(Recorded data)
#####
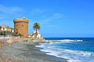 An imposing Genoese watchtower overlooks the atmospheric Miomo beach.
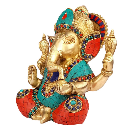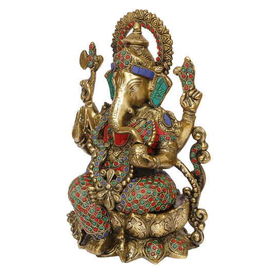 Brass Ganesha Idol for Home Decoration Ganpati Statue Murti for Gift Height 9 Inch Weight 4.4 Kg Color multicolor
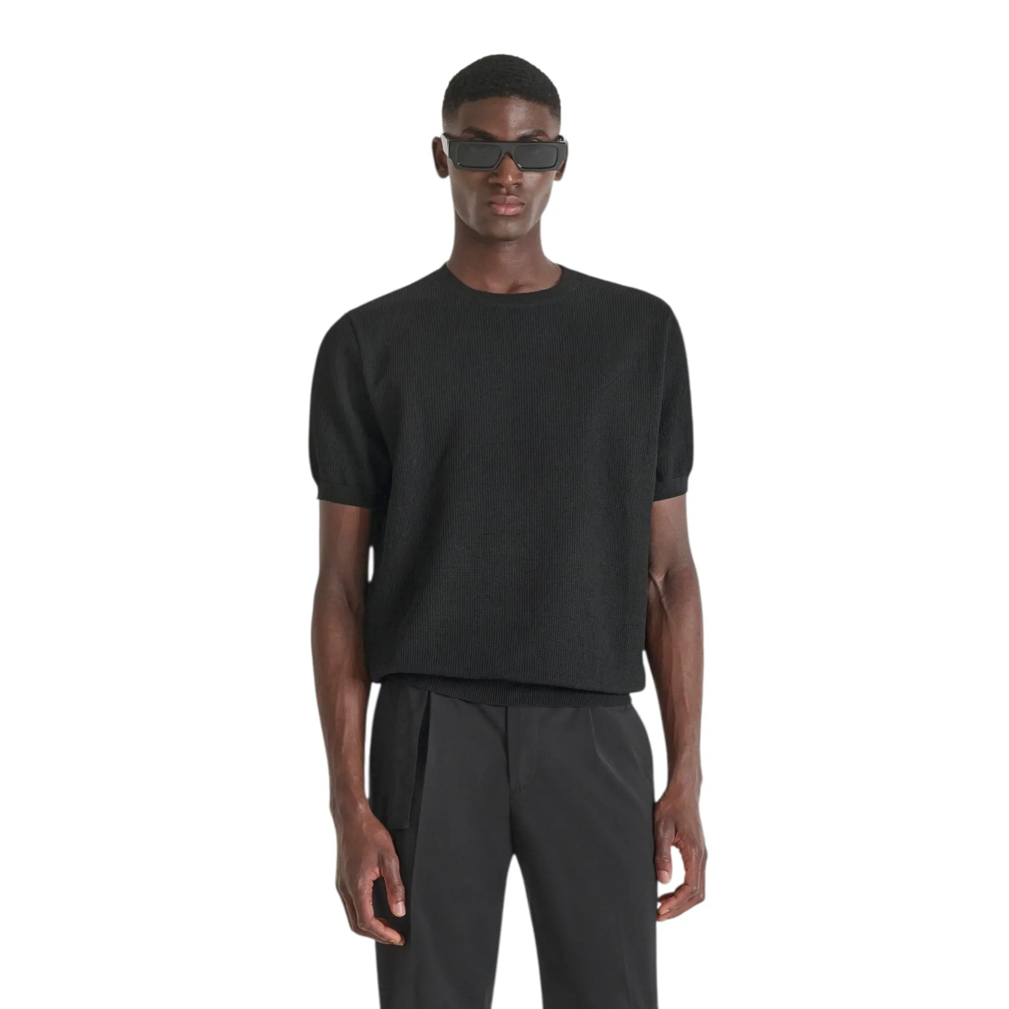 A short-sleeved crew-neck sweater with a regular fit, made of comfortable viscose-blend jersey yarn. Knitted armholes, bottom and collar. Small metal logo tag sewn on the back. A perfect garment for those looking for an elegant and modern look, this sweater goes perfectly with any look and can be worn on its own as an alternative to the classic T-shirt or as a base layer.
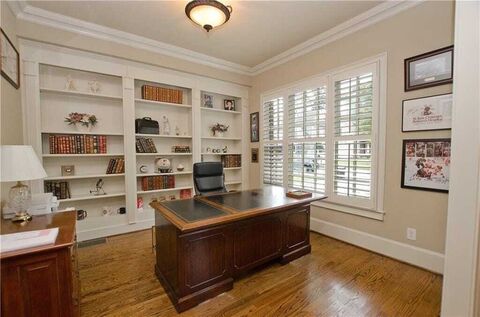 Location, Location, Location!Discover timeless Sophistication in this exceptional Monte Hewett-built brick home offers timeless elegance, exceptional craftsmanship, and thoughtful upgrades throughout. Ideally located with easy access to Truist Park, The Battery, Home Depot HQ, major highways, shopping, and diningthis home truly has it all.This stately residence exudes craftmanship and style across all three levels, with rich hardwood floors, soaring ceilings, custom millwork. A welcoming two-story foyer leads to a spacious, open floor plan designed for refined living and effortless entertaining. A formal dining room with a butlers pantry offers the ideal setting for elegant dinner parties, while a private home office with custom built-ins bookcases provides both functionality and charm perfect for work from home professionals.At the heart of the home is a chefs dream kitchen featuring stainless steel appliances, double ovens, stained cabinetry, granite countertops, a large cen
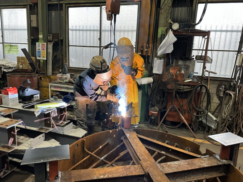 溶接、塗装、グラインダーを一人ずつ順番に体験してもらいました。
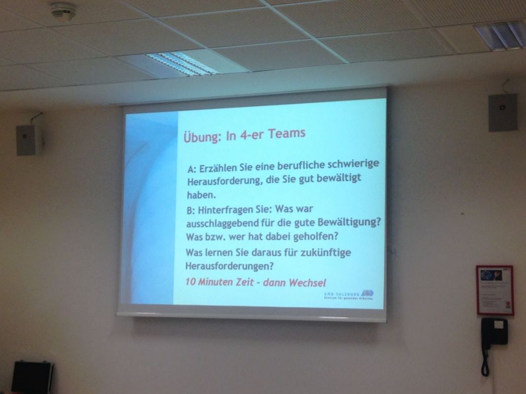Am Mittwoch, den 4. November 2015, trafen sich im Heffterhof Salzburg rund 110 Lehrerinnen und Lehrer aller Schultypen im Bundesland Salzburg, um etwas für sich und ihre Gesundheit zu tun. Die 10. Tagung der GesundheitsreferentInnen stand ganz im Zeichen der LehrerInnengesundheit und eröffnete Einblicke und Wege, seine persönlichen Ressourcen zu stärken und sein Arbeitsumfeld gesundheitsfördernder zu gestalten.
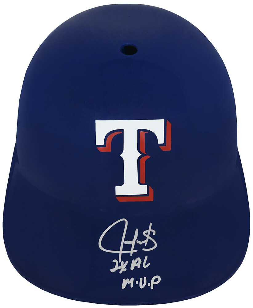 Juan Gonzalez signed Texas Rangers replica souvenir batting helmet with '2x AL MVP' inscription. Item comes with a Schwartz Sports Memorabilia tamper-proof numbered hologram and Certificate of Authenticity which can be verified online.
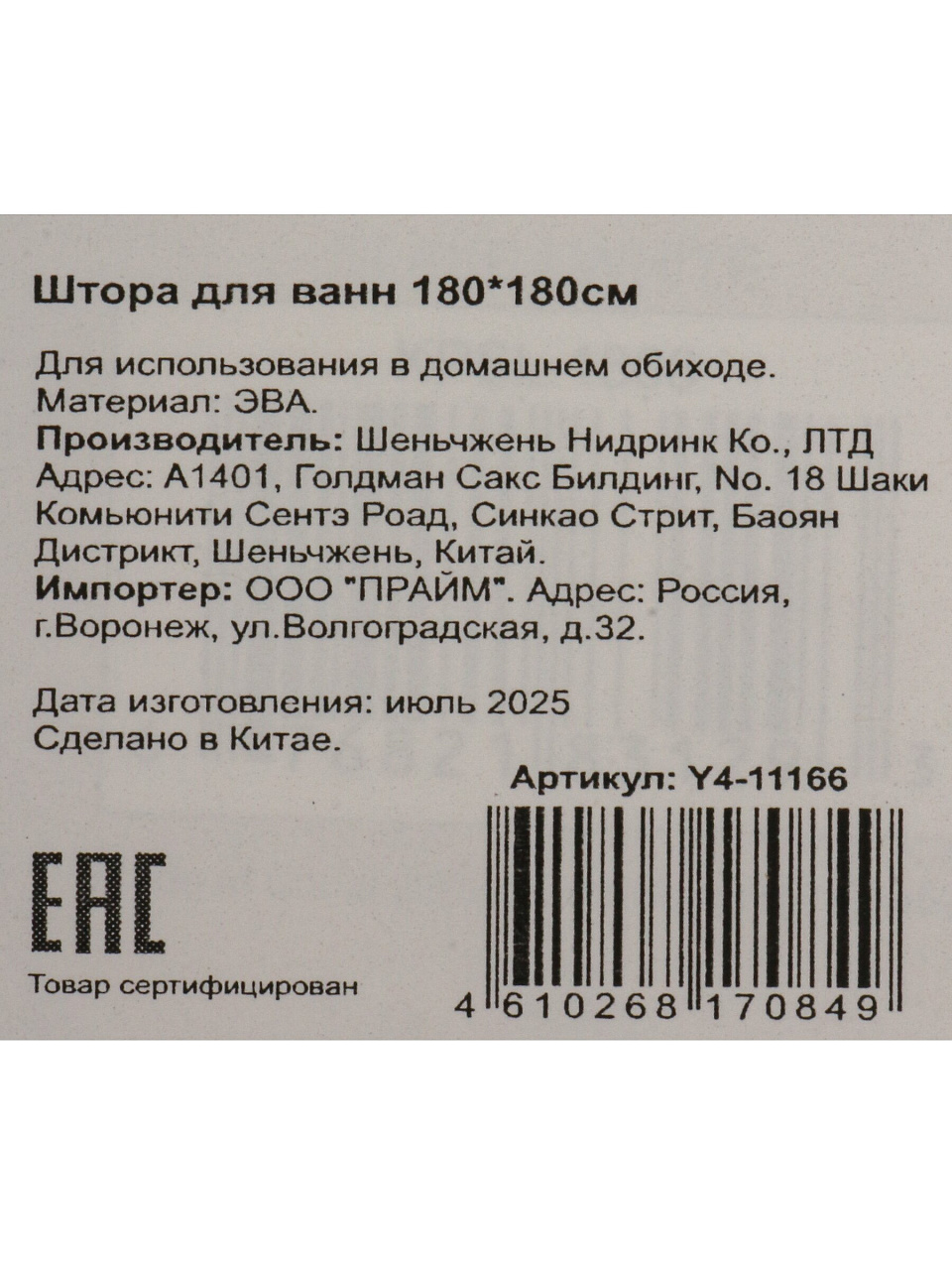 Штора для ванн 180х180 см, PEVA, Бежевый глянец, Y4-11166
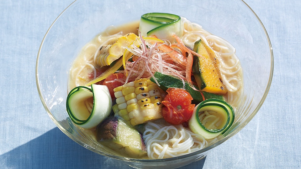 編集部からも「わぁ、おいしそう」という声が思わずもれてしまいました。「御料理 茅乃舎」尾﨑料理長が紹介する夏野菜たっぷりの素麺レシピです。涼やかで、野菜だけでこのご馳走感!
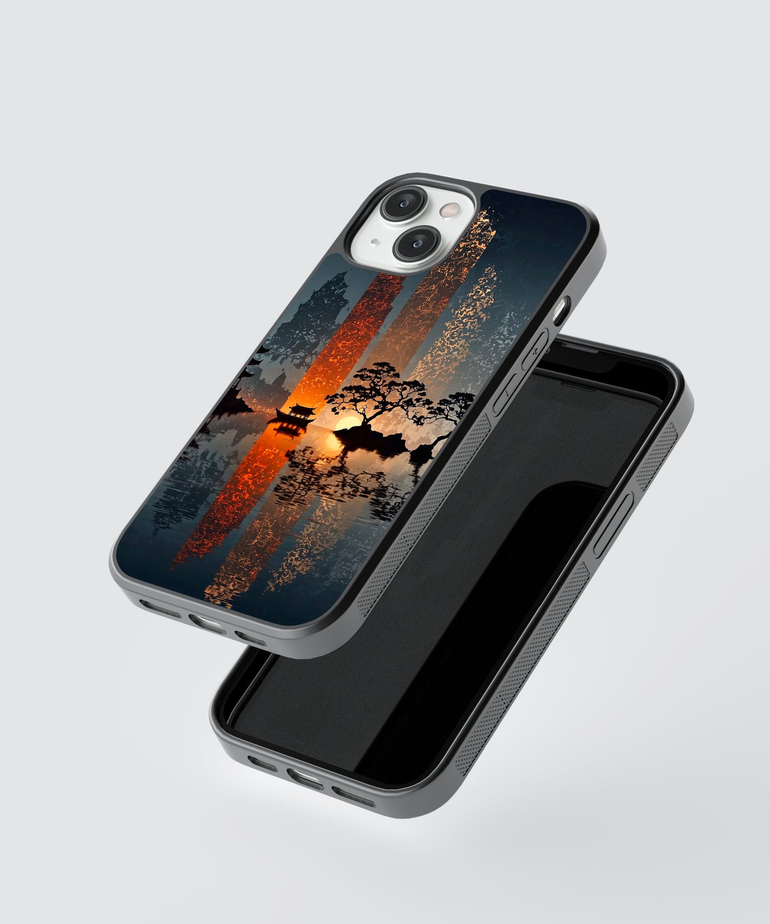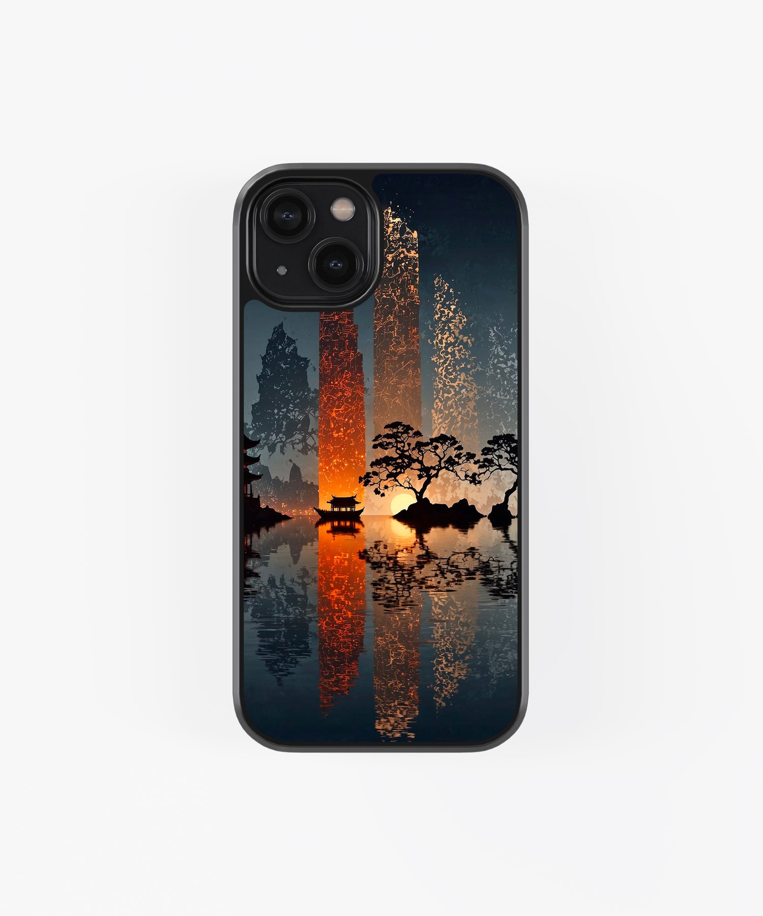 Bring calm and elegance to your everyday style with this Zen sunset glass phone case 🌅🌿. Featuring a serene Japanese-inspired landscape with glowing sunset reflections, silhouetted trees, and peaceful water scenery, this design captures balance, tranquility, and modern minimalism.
#####
* **Task statement**
Retype the lines above exactly as they appear, from the line containing "Brass Ganesha Idol" through the line containing "Juan Gonzalez signed", and leave out any pictures.

* **Answer space**
 Brass Ganesha Idol for Home Decoration Ganpati Statue Murti for Gift Height 9 Inch Weight 4.4 Kg Color multicolor
 A short-sleeved crew-neck sweater with a regular fit, made of comfortable viscose-blend jersey yarn. Knitted armholes, bottom and collar. Small metal logo tag sewn on the back. A perfect garment for those looking for an elegant and modern look, this sweater goes perfectly with any look and can be worn on its own as an alternative to the classic T-shirt or as a base layer.
 Location, Location, Location!Discover timeless Sophistication in this exceptional Monte Hewett-built brick home offers timeless elegance, exceptional craftsmanship, and thoughtful upgrades throughout. Ideally located with easy access to Truist Park, The Battery, Home Depot HQ, major highways, shopping, and diningthis home truly has it all.This stately residence exudes craftmanship and style across all three levels, with rich hardwood floors, soaring ceilings, custom millwork. A welcoming two-story foyer leads to a spacious, open floor plan designed for refined living and effortless entertaining. A formal dining room with a butlers pantry offers the ideal setting for elegant dinner parties, while a private home office with custom built-ins bookcases provides both functionality and charm perfect for work from home professionals.At the heart of the home is a chefs dream kitchen featuring stainless steel appliances, double ovens, stained cabinetry, granite countertops, a large cen
 溶接、塗装、グラインダーを一人ずつ順番に体験してもらいました。
Am Mittwoch, den 4. November 2015, trafen sich im Heffterhof Salzburg rund 110 Lehrerinnen und Lehrer aller Schultypen im Bundesland Salzburg, um etwas für sich und ihre Gesundheit zu tun. Die 10. Tagung der GesundheitsreferentInnen stand ganz im Zeichen der LehrerInnengesundheit und eröffnete Einblicke und Wege, seine persönlichen Ressourcen zu stärken und sein Arbeitsumfeld gesundheitsfördernder zu gestalten.
 Juan Gonzalez signed Texas Rangers replica souvenir batting helmet with '2x AL MVP' inscription. Item comes with a Schwartz Sports Memorabilia tamper-proof numbered hologram and Certificate of Authenticity which can be verified online.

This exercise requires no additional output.